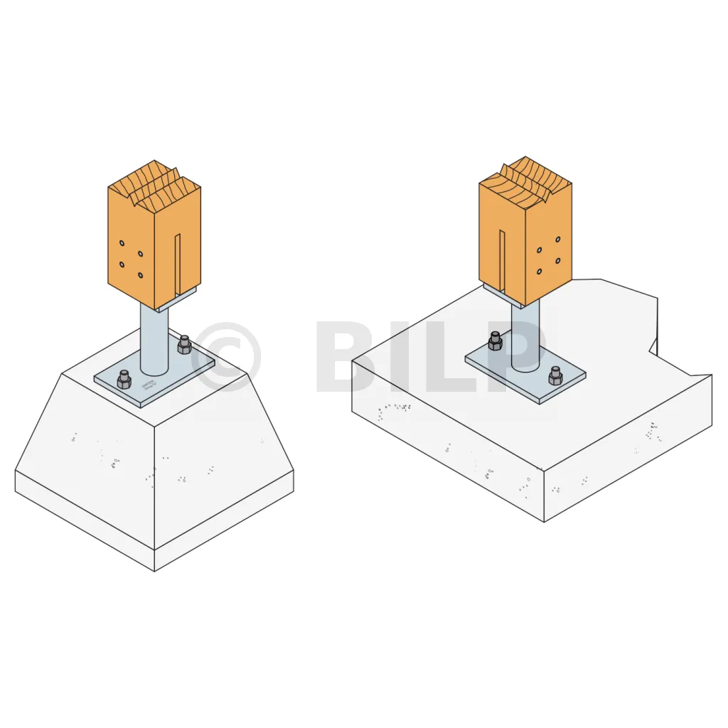 * Beziehen Sie sich auf das Simpson Strong-Tie Verankerungssortiment, um die passende Verankerung auszuwählen. Standardlösungen sind BOAXII, SET-XP, WA, AT-HP, die je nach Betonart, Achsabstand und Randabständen ausgewählt werden sollten.
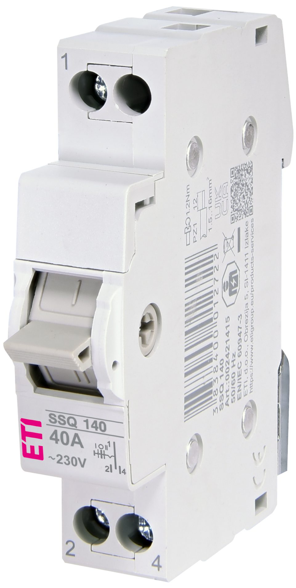 Separatorul compact ETI SSQ 140 este un comutator pentru transferul sarcinii după schema „1-0-2”, permițând comutarea consumatorului de la rețeaua electrică principală la un generator. Acest model este unipolar (1P), cu o curent nominal de 40A și o tensiune de operare de 230VAC. Produsul este destinat utilizării în instalații electrice și oferă o soluție sigură și fiabilă pentru managementul surselor de alimentare. Este un dispozitiv de protecție electrică, fabricat de un producător lider în domeniu.
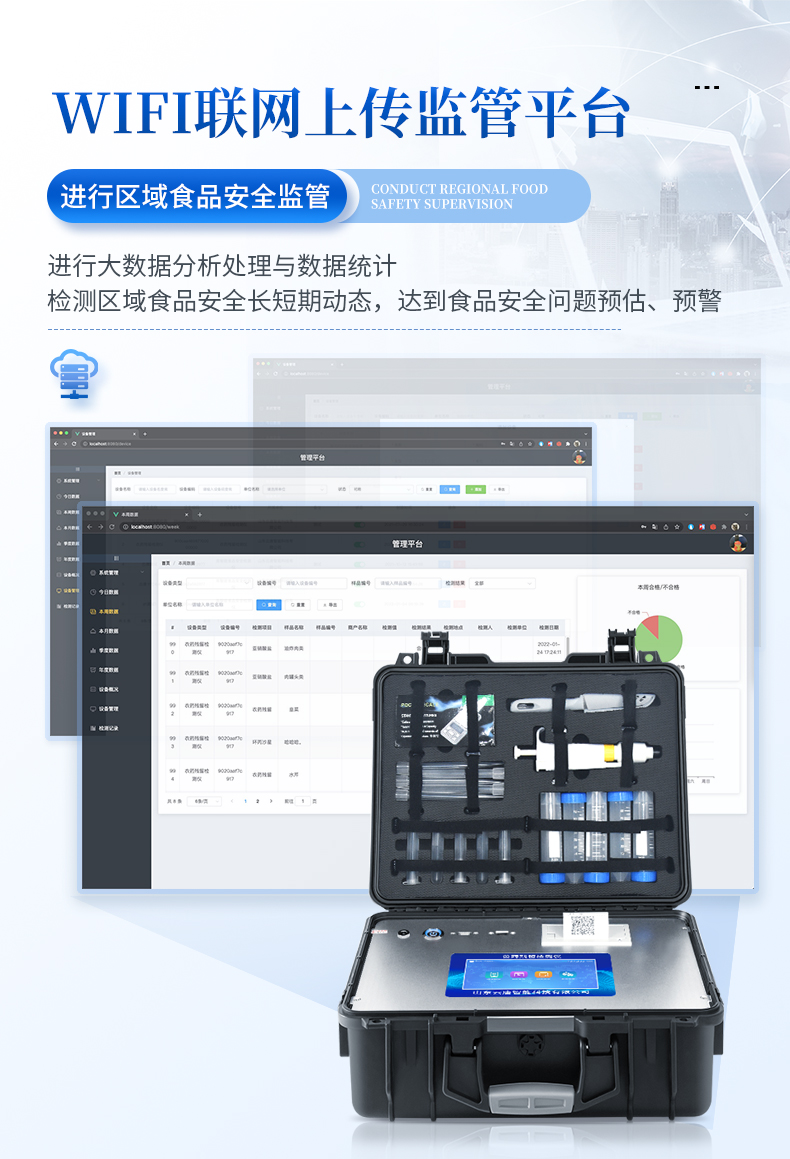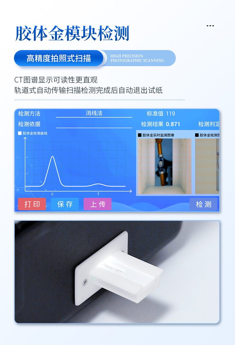 | 安卓智能操作系統(tǒng),采用更加**UI交互界面,儀器具有wifi聯(lián)網(wǎng)上傳、4G聯(lián)網(wǎng)傳輸、GPRS無線遠(yuǎn)傳、網(wǎng)線連接功能,快速批量上傳數(shù)據(jù)。 | 智能化程度高,儀器具有自檢功能:具有開機(jī)自檢和調(diào)零功能,具有自動(dòng)檢測重復(fù)性功能。 | 新一代高速熱敏打印機(jī),檢測完成可自動(dòng)打印檢測報(bào)告和二維碼。 | 儀器帶有監(jiān)管平臺(tái),數(shù)據(jù)可局域網(wǎng)和互聯(lián)網(wǎng)數(shù)據(jù)上傳,檢測結(jié)果直接傳至食品安全監(jiān)管平臺(tái)。進(jìn)行區(qū)域食品安全監(jiān)管及大數(shù)據(jù)分析處理與數(shù)據(jù)統(tǒng)計(jì),檢測區(qū)域食品安全長短期動(dòng)態(tài),達(dá)到食品安全問題預(yù)估、預(yù)警 | 一體化便攜式快檢設(shè)備,滿足現(xiàn)場及流動(dòng)檢測使用需求,能夠在同一軟件下實(shí)現(xiàn)所有檢測項(xiàng)目的檢測,并可通過同一窗口直觀顯示檢測結(jié)果。 | 膠體金模塊檢測方式:軌道式自動(dòng)傳輸掃描,檢測完成后自動(dòng)退出檢測卡。 | 一體化主機(jī),包含食品安全檢測模塊、多通道農(nóng)藥殘留檢測模塊、膠體金免疫層析檢測模塊。 | CT線自動(dòng)識(shí)別,無需手動(dòng)調(diào)整。 | 儀器具有品類多種類樣品菜單庫,可靈活選擇檢測樣品,不同的檢測通道可同時(shí)檢測不同的樣品項(xiàng)目。。 | 樣品處理簡單省力,整體操作快速、安全、便捷。 | 儀器具有自身保護(hù)功能,可設(shè)置用戶名及密碼,防止非工作人員操作等。 | 高靈敏度,高檢測精度,高重復(fù)性精度,掃描式高精度光學(xué)傳感器。 | 儀器具有重新校準(zhǔn)、鎖定、恢復(fù)出廠設(shè)置功能。 | 內(nèi)置強(qiáng)大的數(shù)據(jù)庫,可在儀器上直接選擇樣品名稱、檢測指標(biāo)、送檢單位等信息,也可在儀器上直接編輯錄入樣品名稱、檢測指標(biāo)、送檢單位等信息并保存進(jìn)樣品數(shù)據(jù)庫。 | 儀器具有重新校準(zhǔn)、鎖定、恢復(fù)出廠設(shè)置功能。 | 結(jié)果判定線可修改,對(duì)照值標(biāo)定值可保存,斷電不丟失數(shù)據(jù)。 | 兼容市場上所有的膠體金卡,使用耗材不受限制,極大增強(qiáng)用戶使用體驗(yàn)。 |
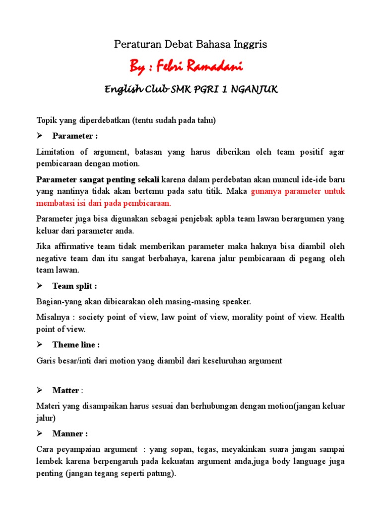 Contoh teks debat bahasa inggris. Contoh debat dalam bahasa inggris english is the most important tool in globalization. Now we have looked from humanism point of view. 2 contoh artikel bahasa inggris tentang lingkungan environment dan artinya pada artikel kali ini admin akan berbagi contoh artikel yang bertemakan lingkungan dalam bahasa inggris. Contoh teks ini juga akan membuat gambaran dan referensi sebelum melakukan lomba debat atau membuat teks debat sendiri. Sukadi debat adalah saling adu argumentasi antar pribadi atau antar kelompok manusia dengan tujuan mencapai kemenangan. Debat adalah kegiatan adu argumentasi antara dua pihak atau lebih baik itu perorangan ataupum kelompok dalam mendiskusikan dan memutusakan masalah dan perbedaan.

THE TASK :: Give an exact copy of the data, and omit any pictures it holds.

COMPLETED TASK ::
 * Beziehen Sie sich auf das Simpson Strong-Tie Verankerungssortiment, um die passende Verankerung auszuwählen. Standardlösungen sind BOAXII, SET-XP, WA, AT-HP, die je nach Betonart, Achsabstand und Randabständen ausgewählt werden sollten.
 Separatorul compact ETI SSQ 140 este un comutator pentru transferul sarcinii după schema „1-0-2”, permițând comutarea consumatorului de la rețeaua electrică principală la un generator. Acest model este unipolar (1P), cu o curent nominal de 40A și o tensiune de operare de 230VAC. Produsul este destinat utilizării în instalații electrice și oferă o soluție sigură și fiabilă pentru managementul surselor de alimentare. Este un dispozitiv de protecție electrică, fabricat de un producător lider în domeniu.
 | 安卓智能操作系統(tǒng),采用更加**UI交互界面,儀器具有wifi聯(lián)網(wǎng)上傳、4G聯(lián)網(wǎng)傳輸、GPRS無線遠(yuǎn)傳、網(wǎng)線連接功能,快速批量上傳數(shù)據(jù)。 | 智能化程度高,儀器具有自檢功能:具有開機(jī)自檢和調(diào)零功能,具有自動(dòng)檢測重復(fù)性功能。 | 新一代高速熱敏打印機(jī),檢測完成可自動(dòng)打印檢測報(bào)告和二維碼。 | 儀器帶有監(jiān)管平臺(tái),數(shù)據(jù)可局域網(wǎng)和互聯(lián)網(wǎng)數(shù)據(jù)上傳,檢測結(jié)果直接傳至食品安全監(jiān)管平臺(tái)。進(jìn)行區(qū)域食品安全監(jiān)管及大數(shù)據(jù)分析處理與數(shù)據(jù)統(tǒng)計(jì),檢測區(qū)域食品安全長短期動(dòng)態(tài),達(dá)到食品安全問題預(yù)估、預(yù)警 | 一體化便攜式快檢設(shè)備,滿足現(xiàn)場及流動(dòng)檢測使用需求,能夠在同一軟件下實(shí)現(xiàn)所有檢測項(xiàng)目的檢測,并可通過同一窗口直觀顯示檢測結(jié)果。 | 膠體金模塊檢測方式:軌道式自動(dòng)傳輸掃描,檢測完成后自動(dòng)退出檢測卡。 | 一體化主機(jī),包含食品安全檢測模塊、多通道農(nóng)藥殘留檢測模塊、膠體金免疫層析檢測模塊。 | CT線自動(dòng)識(shí)別,無需手動(dòng)調(diào)整。 | 儀器具有品類多種類樣品菜單庫,可靈活選擇檢測樣品,不同的檢測通道可同時(shí)檢測不同的樣品項(xiàng)目。。 | 樣品處理簡單省力,整體操作快速、安全、便捷。 | 儀器具有自身保護(hù)功能,可設(shè)置用戶名及密碼,防止非工作人員操作等。 | 高靈敏度,高檢測精度,高重復(fù)性精度,掃描式高精度光學(xué)傳感器。 | 儀器具有重新校準(zhǔn)、鎖定、恢復(fù)出廠設(shè)置功能。 | 內(nèi)置強(qiáng)大的數(shù)據(jù)庫,可在儀器上直接選擇樣品名稱、檢測指標(biāo)、送檢單位等信息,也可在儀器上直接編輯錄入樣品名稱、檢測指標(biāo)、送檢單位等信息并保存進(jìn)樣品數(shù)據(jù)庫。 | 儀器具有重新校準(zhǔn)、鎖定、恢復(fù)出廠設(shè)置功能。 | 結(jié)果判定線可修改,對(duì)照值標(biāo)定值可保存,斷電不丟失數(shù)據(jù)。 | 兼容市場上所有的膠體金卡,使用耗材不受限制,極大增強(qiáng)用戶使用體驗(yàn)。 |
 Contoh teks debat bahasa inggris. Contoh debat dalam bahasa inggris english is the most important tool in globalization. Now we have looked from humanism point of view. 2 contoh artikel bahasa inggris tentang lingkungan environment dan artinya pada artikel kali ini admin akan berbagi contoh artikel yang bertemakan lingkungan dalam bahasa inggris. Contoh teks ini juga akan membuat gambaran dan referensi sebelum melakukan lomba debat atau membuat teks debat sendiri. Sukadi debat adalah saling adu argumentasi antar pribadi atau antar kelompok manusia dengan tujuan mencapai kemenangan. Debat adalah kegiatan adu argumentasi antara dua pihak atau lebih baik itu perorangan ataupum kelompok dalam mendiskusikan dan memutusakan masalah dan perbedaan.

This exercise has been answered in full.